Joseph very shrewdly, through the selling of the grain that he had stored up during the years of abundant harvests, ends up not only saving many lives from starvation, but in the process also solidifies the Pharaoh’s great wealth and the region’s political stability. Gen. 47:13-26.

Pray; read three times (perhaps just twice) and ask questions…

48:1 Now it came about after these things that Joseph was told, “Behold, your father is sick.” So he took his two sons Manasseh and Ephraim with him.

2 When it was told to Jacob, “Behold, your son Joseph has come to you,” Israel collected his strength and sat up in the bed.

3 Then Jacob said to Joseph, “God Almighty appeared to me at Luz in the land of Canaan and blessed me,

Was this the famous Jacob’s ladder-of-angels’ blessing that took place as Jacob was fleeing from his brother’s jealous anger and leaving Canaan to secure a wife from his mother’s family back in Haran?

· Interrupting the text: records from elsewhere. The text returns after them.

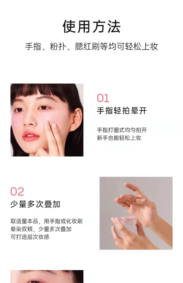 🎨 易上妝,適合初學者:無論你是化妝新手還是專業人士,這款腮紅都具有高度飽和度,方便上妝。可疊加的遮瑕效果,讓你輕鬆打造所需的妝容強度。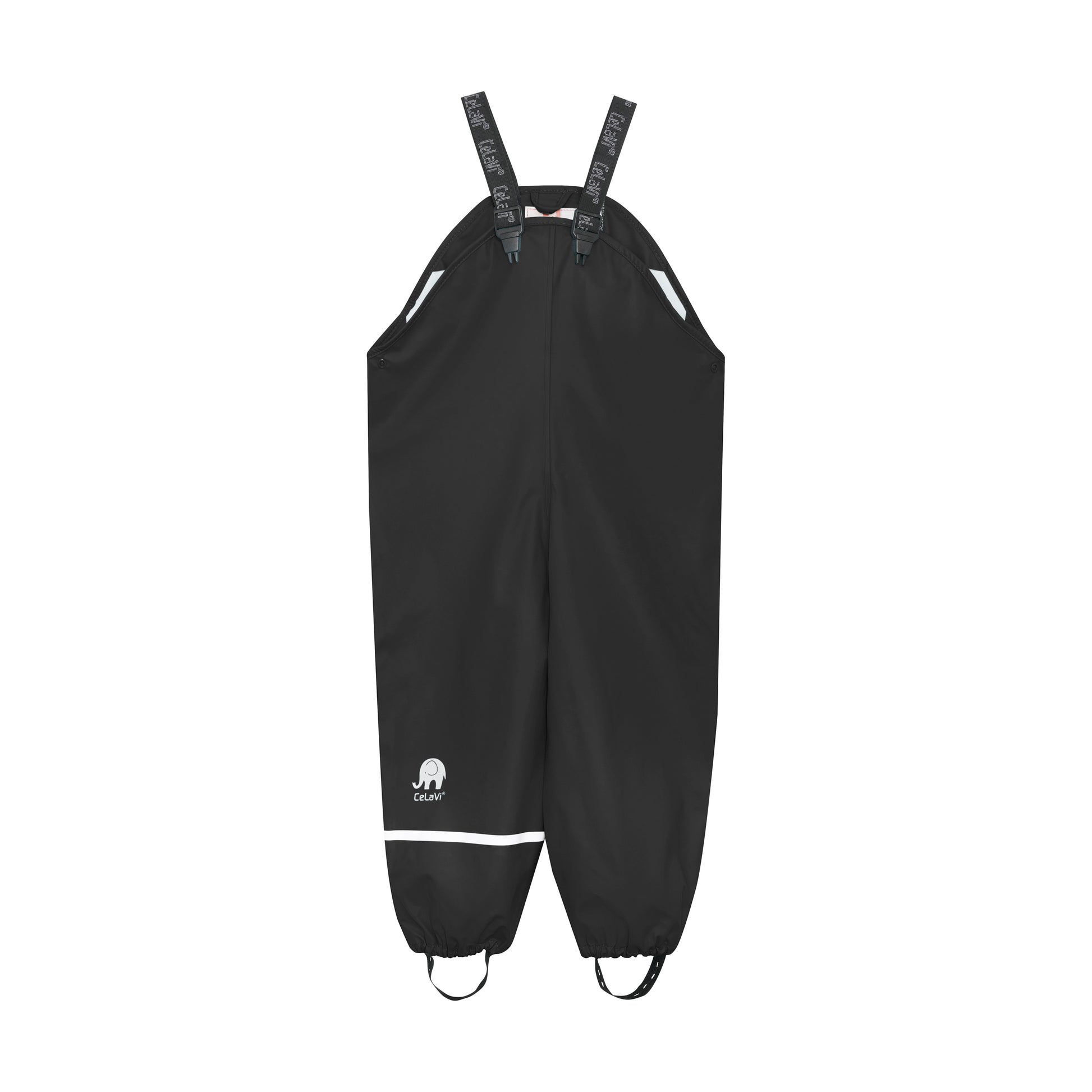 De mindste størrelser (70–100) kommer som smækbukser med justerbare seler og elefantlogo på bryst og ben. Fra str. 110–150 leveres bukserne med elastik i taljen og CeLaVi-logo på bryst og ben.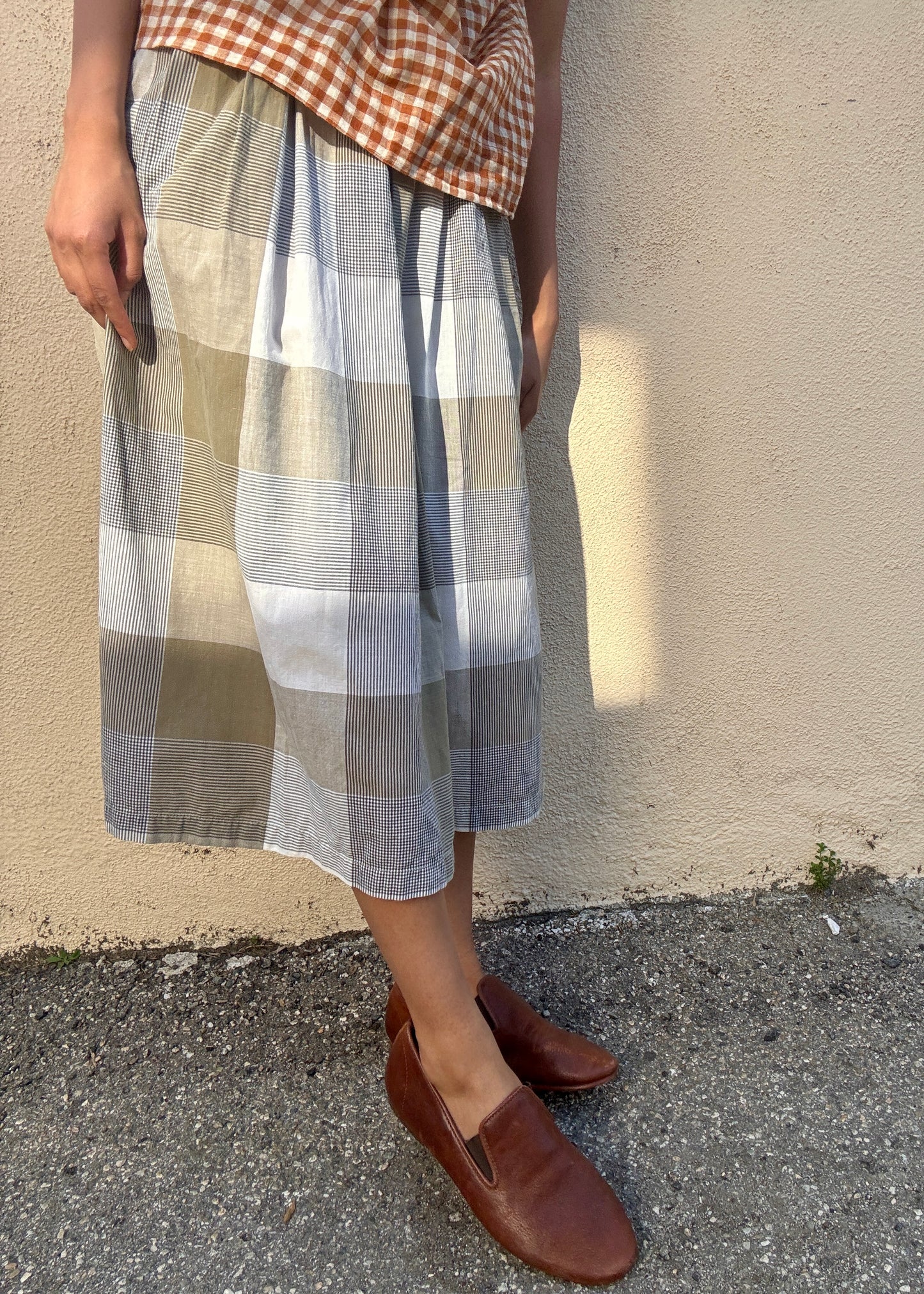 Esprit Tan Grey Plaid Skirt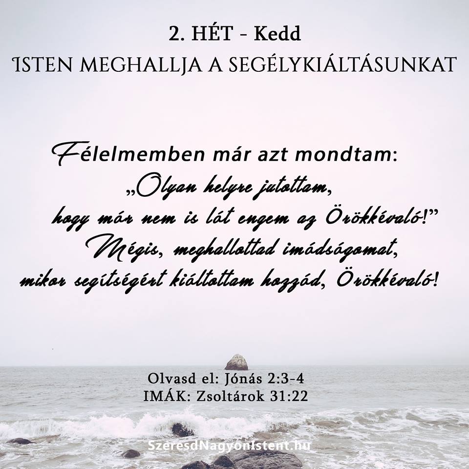 Isten meghallja a segélykiáltásunkat Olvasd el: Jónás 2:3-4 IMÁK: Zsoltárok 31:22 Jónás a mély tenger szívében volt, víz és hatalmas hullámok vették körül. Kétségbeesetten a sötétben azon gondolkozott, hogy vajon Isten vele van-e még. Segítségre volt szüksége és nem fordulhatott máshoz, csak Istenhez. Az volt az első gondolata a tenger közepén, hogy kiesett Isten látóteréből. […]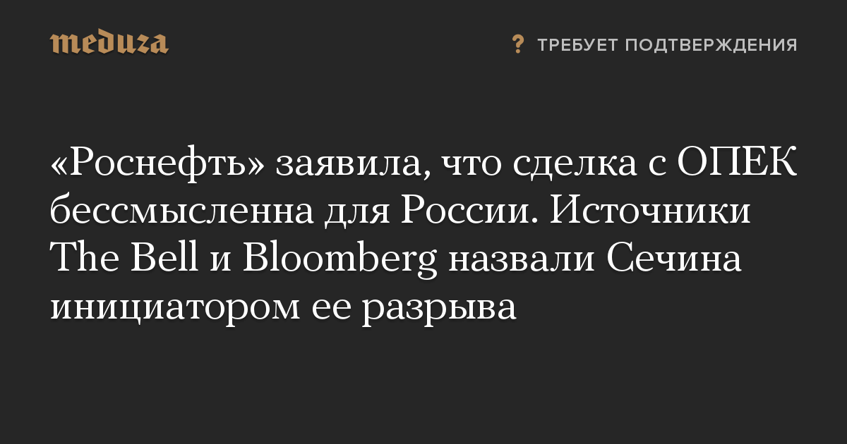 «Роснефть» заявила, что сделка с ОПЕК бессмысленна для России. Источники The Bell и Bloomberg назвали Сечина инициатором ее разрыва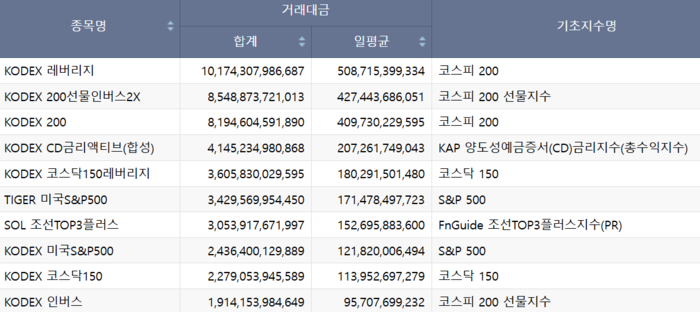 1일 한국거래소에 따르면 대표적 레버리지 상장지수펀드(ETF)인 KODEX 레버리지의 8월 일 평균 거래대금은 5087억원으로 전월(6664억원) 대비 23.66% 급감했다.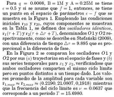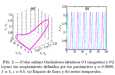 Considerando que los osciladores O1 y O2 estan acoplados segun (3) con k = 0.01 y un valor de p = 1.5 de modo que C = 0.015. Entonces, la integracion del sistema de ecuaciones a partir de las condiciones iniciales r10 y r20de la Tabla 1 proporciona la informacion que se muestra en la Figura 3. En las Figuras 3(a) y 3(b) se superponen, respectivamente, las trayectorias en el espacio de fases y las series temporales de la variable x de los osciladores acoplados, observandose una perturbación de sus trayectorias y en consecuencia de las amplitudes y períodos, seguido de la regulacion de dicho efecto caracterizada por la disminucion progresiva de la diferencia de fase, hasta que esta se anula una vez que ambos subsistemas ajustan sus ritmos de oscilacion sobre el ciclo límite que caracteriza al regimen de sincronización. En la Figura 3(c) se muestra la proyeccion del espacio de fases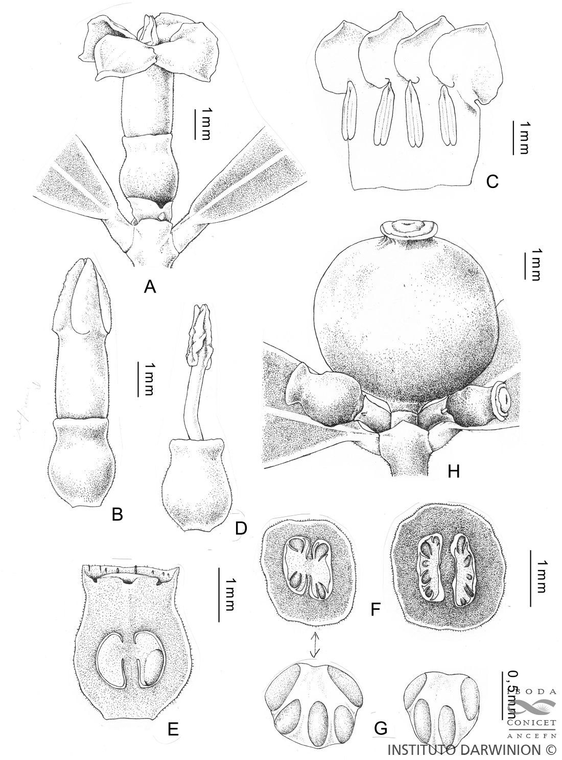 Observaciones: Las escasas colecciones de esta especie presentan flores y frutos en marzo y abril.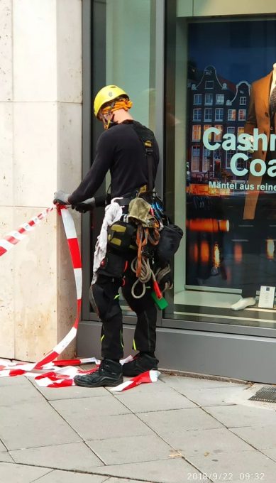 第二天早上,我们出来的时候,在路上看到一个全副武装正在认真干活的帅哥工人。为什么我用全副武装来形容?看下面的图就知道了。
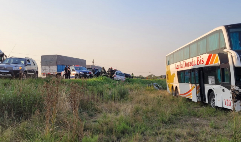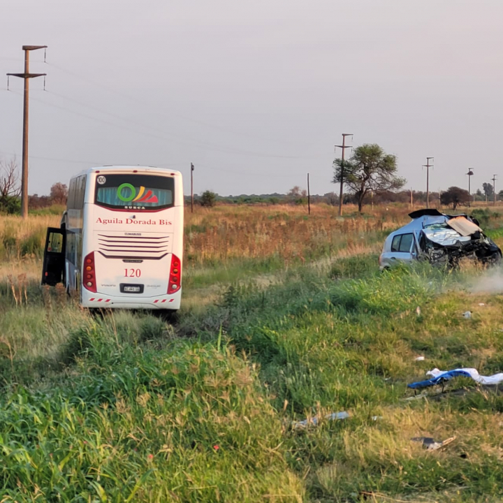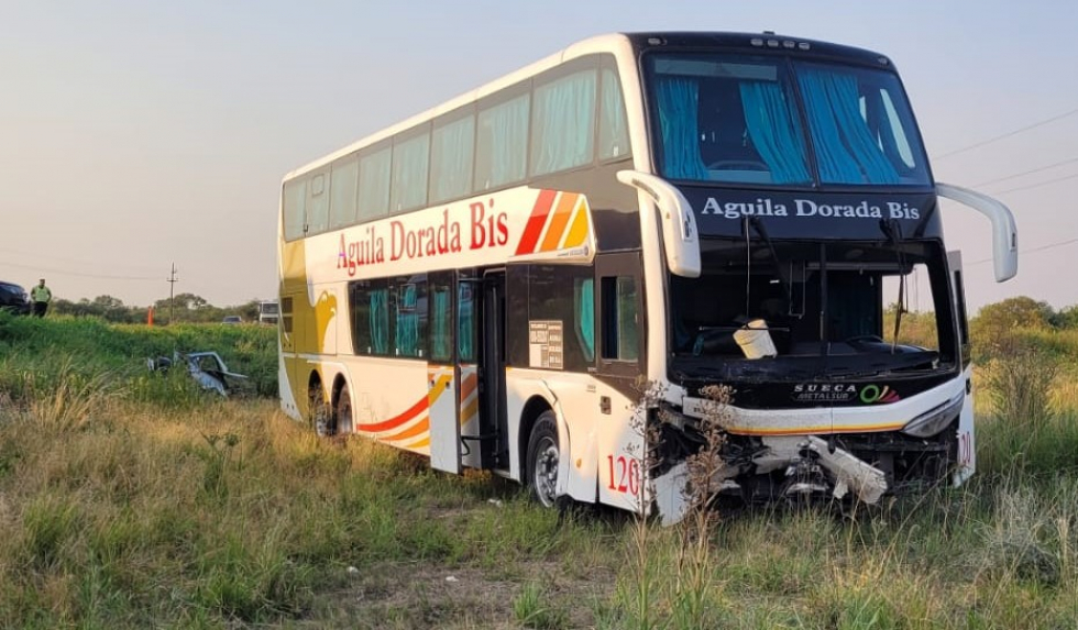 Allí, por causas que se tratan de establecer, el automóvil Renault Clio en el que circulaban una mujer y dos hombres, se cruzó de carril e impactó contra un ómnibus de la empresa “Águila Dorada Bis” que circulaba hacia el Norte, conducido por Iván G.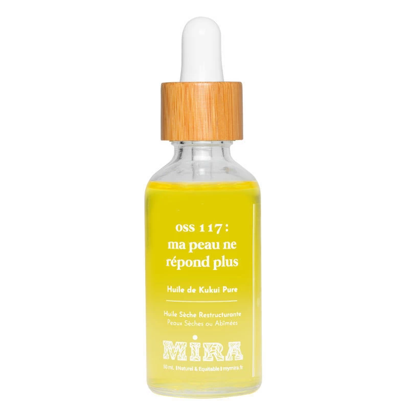 Découvrez vite l’huile végétale de kukui « OSS 117 : ma peau ne répond plus » de la marque Mira ! C’est une véritable perle rare, une huile couteau suisse. Vous pourrez l’utiliser pour le corps, les mains, le visage et les cheveux secs ou abimés. Vous verrez, elle va hydrater en profondeur.

4 and He said to me, ‘Behold, I will make you fruitful and numerous, and I will make you a company of peoples, and will give this land to your descendants after you for an everlasting possession.’

Two thirds of the Abrahamic Covenant? The only provision missing here is “you will be a blessing,” but the people and land aspects are present.

5 Now your two sons, who were born to you in the land of Egypt before I came to you in Egypt, are mine; Ephraim and Manasseh shall be mine, as Reuben and Simeon are.

Jacob or Israel is adopting these two grandsons as his own sons. Why? Joseph didn’t ask for this. Was this implied in Joseph bringing his sons to his father? Was Joseph asking for what amounts to the oldest son’s share since the oldest son was entitled to twice the inheritance of his younger siblings? Wasn’t this what a famished Esau sold to Jacob for a bowl of stew—his birthrights? Is there some connection here to Jacob’s having mentioned the Abrahamic Covenant in the previous verse—the blessing which he deceived his father Isaac out of when he portrayed himself as Esau?

6 But your offspring that have been born after them shall be yours; they shall be called by the names of their brothers in their inheritance.

So in adopting Joseph’s two sons, where does that leave Joseph? Is his sonship spread out over his two sons who have now become Israel’s two son? In other words, Jacob now has two more sons…two sons that have replaced Joseph?

7 Now as for me, when I came from Paddan, Rachel died, to my sorrow, in the land of Canaan on the journey, when there was still some distance to go to Ephrath; and I buried her there on the way to Ephrath (that is, Bethlehem).”

Where the Messiah is to be born according to the OT prophet Micah, and where Jesus (Yah-Saves) will be born almost two millennium after Rachel is buried there.

8 When Israel saw Joseph’s sons, he said, “Who are these?”

So, in the earlier verses, are we to understand that an inspired Jacob was declaring his legal adoption of Joseph’s two sons without even knowing that they were in the room?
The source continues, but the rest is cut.